### WHAT IS EXPECTED
Go through the records and restate them word for word, omitting images.

------ RECORDS SHOWN

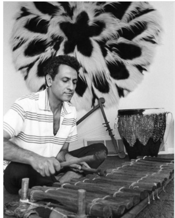
Halim El Dabh and a balafon.

The first presentation of El Dabh's works was held at All Saints Cathedral in Cairo in 1949, and included the very timely 1948 piece based on the war in Palestine, It is Dark and Damp on the Front . [25] At the time, Egyptian soldiers were involved in the fighting, and this experimental solo piece for piano resonated with the multinational and local audiences that heard it. After this performance, the US embassy cultural attaché asked El Dabh to repeat aspects of it at the Oriental Hall of the American University in Cairo. The attaché was so impressed with El Dabh that he even filled in El Dabh's Fulbright application, and despite failing the English part of the exam, El Dabh was selected from over 500 other applicants. He arrived in the USA in 1950, where he continued to experiment with tape and composition.
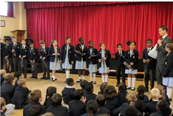
Y6 receive their prefect ties
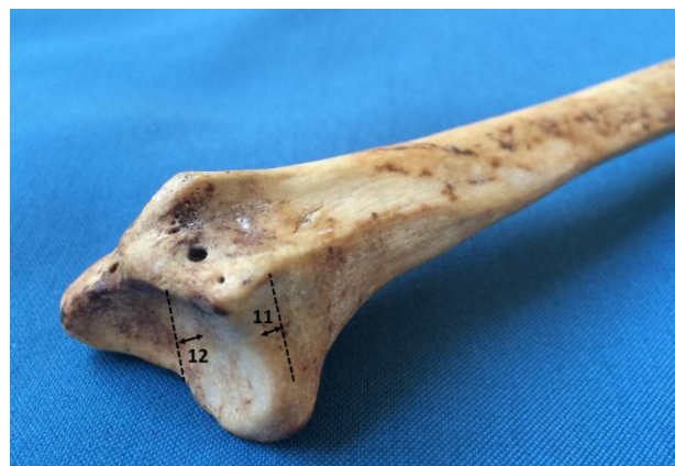
Fig. 5 Bottom-inside view of radius.
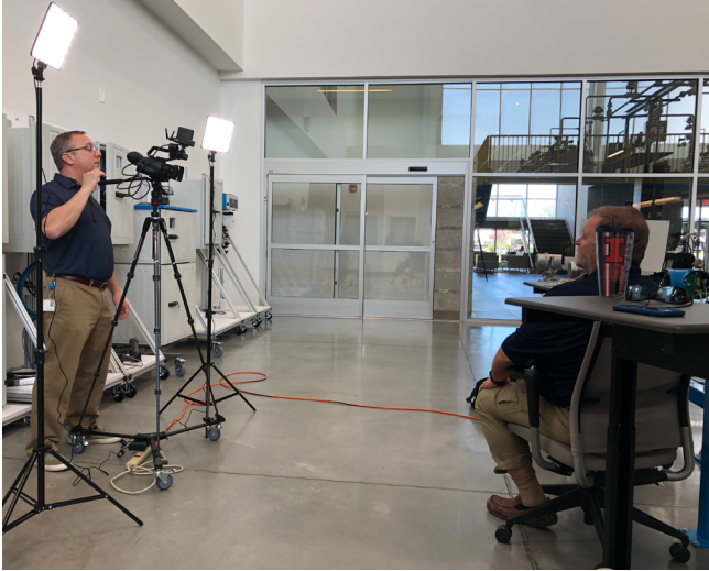
Certified instructors providing step-by-step detailed instructions through quality HD 4K cameras
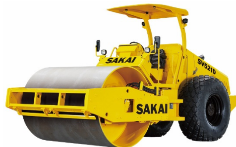
VIBRATORY SINGLE DRUM ROLLER SV521D 10,325Kg (22,765Lb)
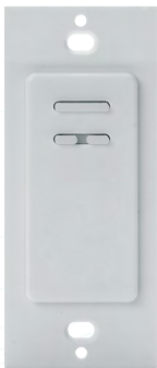
1 ZONE, 3-BUTTON WALL STATION
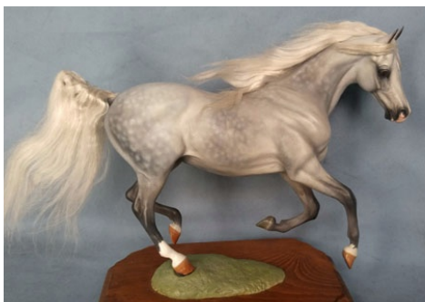
CHAMPION LIGHT BREED: GOS-SAMER WINGS (KW)

Other Pure or Mixed Light Breed (9): 1-Cassata (MH), 2-LJ Hit It Hal (SM), 3-Limestones Elemental Spirit (MR), 4-Red Hawk (SS), 5-TS Desert American Queen (MP), 6-Carolina Girl (SS), 7-Dream Theater (SR), 8-PR Malika Siglavia (JV), 9-WBP Abrianna (LeB)
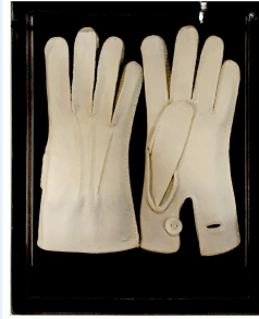
WASP FLYING GLOVES

Who was the first woman to fly a USAAF jet when at Wright Field, she flew a YP-59 twin jet fighter?
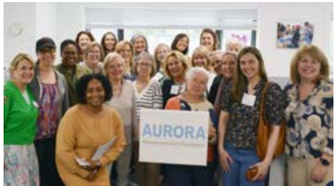
A few of our 49 Giving Circle members
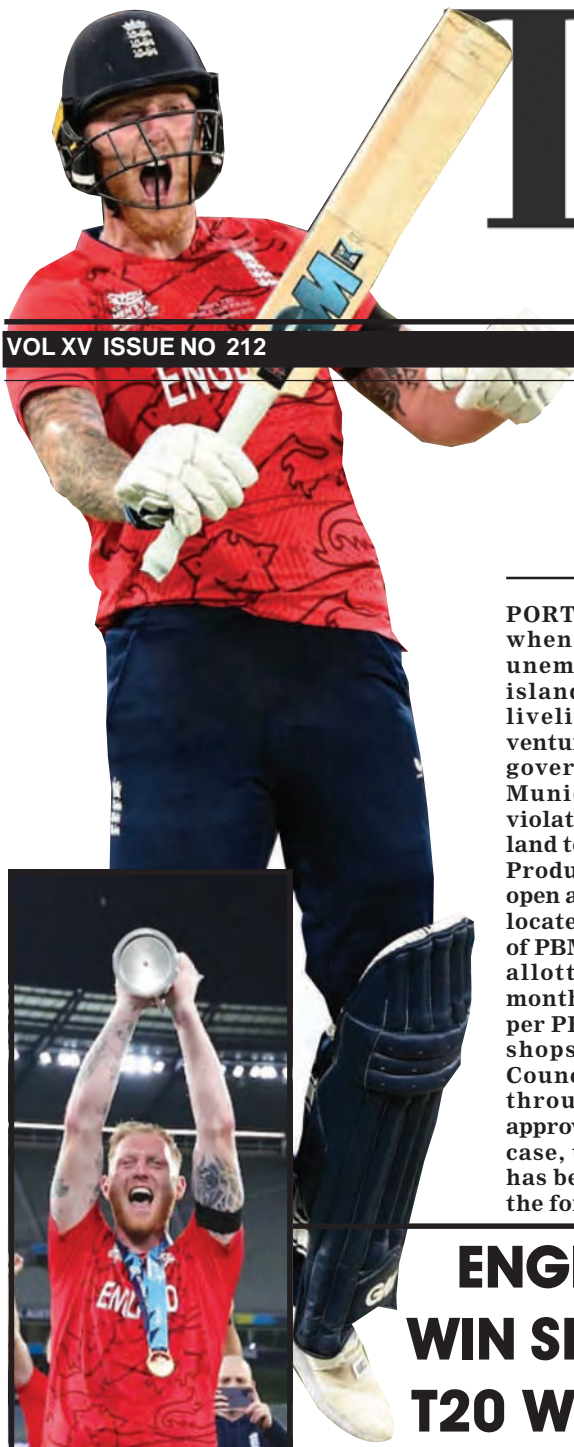
Ben Stokes was one of England's leading men on the day

In Today's Papers... ■ Transforming Jammu by introspecting beyond partisan agendas – Page-3 ■ Priyanka Gandhi posed questions on Rajiv's assassination: Nalini Sriharan Page-6
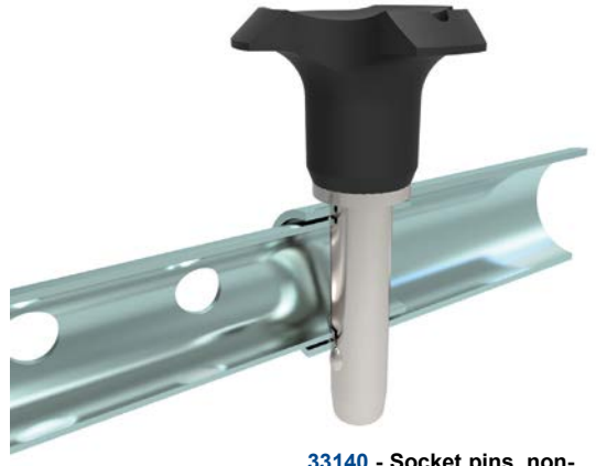
33140 - Socket pins, nonlocking, spring loaded balls.
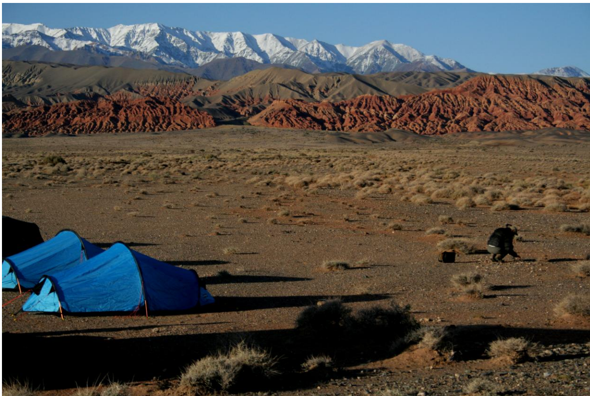
Mt Burhan Buudai, a sacred mountain for locals

Your flight takes you to the provincial centre of Altai where our local crew will welcome you. The highest elevated town of Mongolia (2,181m), Altai is a provincial centre of Gobi-Altai province. The area is famous for its writers, poets and politicians in Mongolia. You will continue the trip towards the curative sand spa with an en-route exploration of the ruin of the Biger Monastery. Enjoy the tranquility of the wilderness area in the rest of evening.
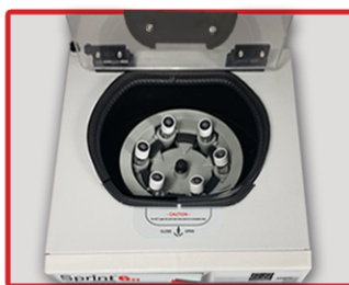
6 position swing out rotor

Optional adapters for above, accepts 5-7ml tubes, 6/pk
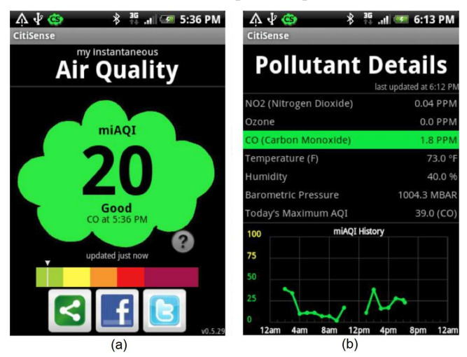
Figure 2. (a) Application home screen. Cloud color and number change based on current sensor readings. The bar at the bottom indicates where on the spectrum the current reading lies. (b) Pollutant details screen. The graph displays peak readings by hour.

The miAQI number and color is displayed prominently on the mobile application home screen (Figure 2) and is also used to populate and color the balloons on each participant's personalized map page (Figure 3).
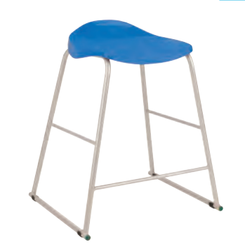
T92 - SIZE 5 AGES 9 - 13

Overall dimensions: D530 W550 H600 Seat dimensions: D361 W365 H560 Weight capacity: 97kg
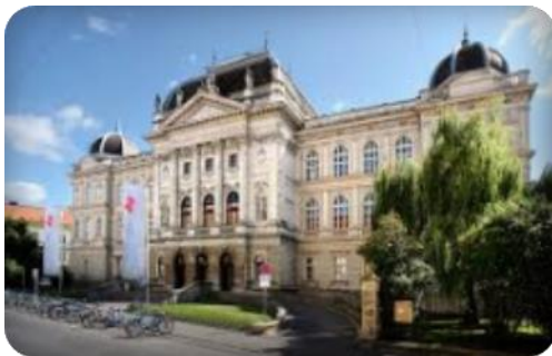
Technical University of Graz

The workshop will bring together experts from leading operators, manufacturers and suppliers as well as IoT companies together with related stakeholders to discuss challenges and opportunities for the operation of hydro power fleets accruing from digital transformation.
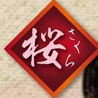
$50.00 Sakura Platter
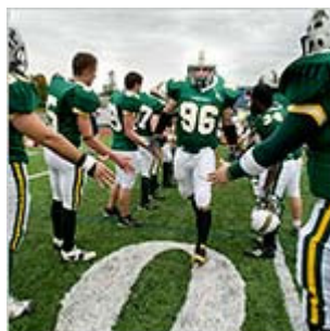
A Year of Toil and Sweat, Then They Played
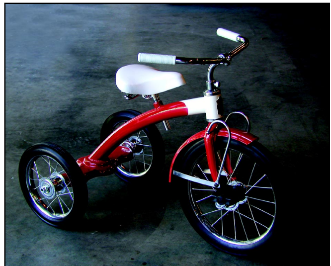
Colson 16" Pedal Drive 620-216
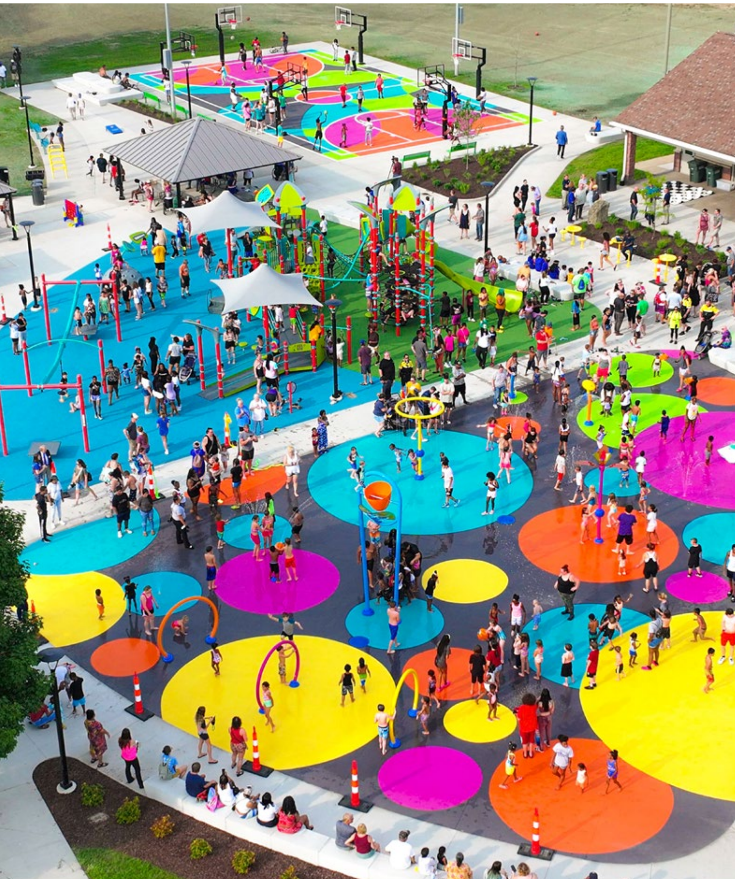
COMISKEY PARK & SPLASH PAD
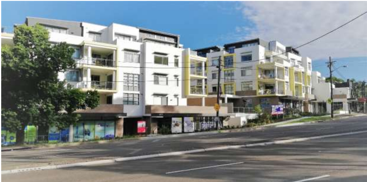
Figure 1: The subject premises – 169-177 Mona Vale Road St Ives

Other permissible uses in the current R4 zone are Attached dwellings; Bed and breakfast accommodation; Boarding houses; Building identification signs; Business identification signs; Centre-based child care facilities; Community facilities; Dwelling houses; Environmental protection works; Exhibition homes; Flood mitigation works; Home-based child care; Home businesses; Home industries; Hostels; Multi dwelling housing; Neighbourhood shops; Places of public worship; Recreation areas; Residential flat buildings; Respite day care centres; Roads; Seniors housing; Shop top housing.

------------

### SOLUTION TO THIS TASK
Halim El Dabh and a balafon.

The first presentation of El Dabh's works was held at All Saints Cathedral in Cairo in 1949, and included the very timely 1948 piece based on the war in Palestine, It is Dark and Damp on the Front . [25] At the time, Egyptian soldiers were involved in the fighting, and this experimental solo piece for piano resonated with the multinational and local audiences that heard it. After this performance, the US embassy cultural attaché asked El Dabh to repeat aspects of it at the Oriental Hall of the American University in Cairo. The attaché was so impressed with El Dabh that he even filled in El Dabh's Fulbright application, and despite failing the English part of the exam, El Dabh was selected from over 500 other applicants. He arrived in the USA in 1950, where he continued to experiment with tape and composition.
Y6 receive their prefect ties
Fig. 5 Bottom-inside view of radius.
Certified instructors providing step-by-step detailed instructions through quality HD 4K cameras
VIBRATORY SINGLE DRUM ROLLER SV521D 10,325Kg (22,765Lb)
1 ZONE, 3-BUTTON WALL STATION
CHAMPION LIGHT BREED: GOS-SAMER WINGS (KW)

Other Pure or Mixed Light Breed (9): 1-Cassata (MH), 2-LJ Hit It Hal (SM), 3-Limestones Elemental Spirit (MR), 4-Red Hawk (SS), 5-TS Desert American Queen (MP), 6-Carolina Girl (SS), 7-Dream Theater (SR), 8-PR Malika Siglavia (JV), 9-WBP Abrianna (LeB)
WASP FLYING GLOVES

Who was the first woman to fly a USAAF jet when at Wright Field, she flew a YP-59 twin jet fighter?
A few of our 49 Giving Circle members
Ben Stokes was one of England's leading men on the day

In Today's Papers... ■ Transforming Jammu by introspecting beyond partisan agendas – Page-3 ■ Priyanka Gandhi posed questions on Rajiv's assassination: Nalini Sriharan Page-6
33140 - Socket pins, nonlocking, spring loaded balls.
Mt Burhan Buudai, a sacred mountain for locals

Your flight takes you to the provincial centre of Altai where our local crew will welcome you. The highest elevated town of Mongolia (2,181m), Altai is a provincial centre of Gobi-Altai province. The area is famous for its writers, poets and politicians in Mongolia. You will continue the trip towards the curative sand spa with an en-route exploration of the ruin of the Biger Monastery. Enjoy the tranquility of the wilderness area in the rest of evening.
6 position swing out rotor

Optional adapters for above, accepts 5-7ml tubes, 6/pk
Figure 2. (a) Application home screen. Cloud color and number change based on current sensor readings. The bar at the bottom indicates where on the spectrum the current reading lies. (b) Pollutant details screen. The graph displays peak readings by hour.

The miAQI number and color is displayed prominently on the mobile application home screen (Figure 2) and is also used to populate and color the balloons on each participant's personalized map page (Figure 3).
T92 - SIZE 5 AGES 9 - 13

Overall dimensions: D530 W550 H600 Seat dimensions: D361 W365 H560 Weight capacity: 97kg
Technical University of Graz

The workshop will bring together experts from leading operators, manufacturers and suppliers as well as IoT companies together with related stakeholders to discuss challenges and opportunities for the operation of hydro power fleets accruing from digital transformation.
$50.00 Sakura Platter
A Year of Toil and Sweat, Then They Played
Colson 16" Pedal Drive 620-216
COMISKEY PARK & SPLASH PAD
Figure 1: The subject premises – 169-177 Mona Vale Road St Ives

Other permissible uses in the current R4 zone are Attached dwellings; Bed and breakfast accommodation; Boarding houses; Building identification signs; Business identification signs; Centre-based child care facilities; Community facilities; Dwelling houses; Environmental protection works; Exhibition homes; Flood mitigation works; Home-based child care; Home businesses; Home industries; Hostels; Multi dwelling housing; Neighbourhood shops; Places of public worship; Recreation areas; Residential flat buildings; Respite day care centres; Roads; Seniors housing; Shop top housing.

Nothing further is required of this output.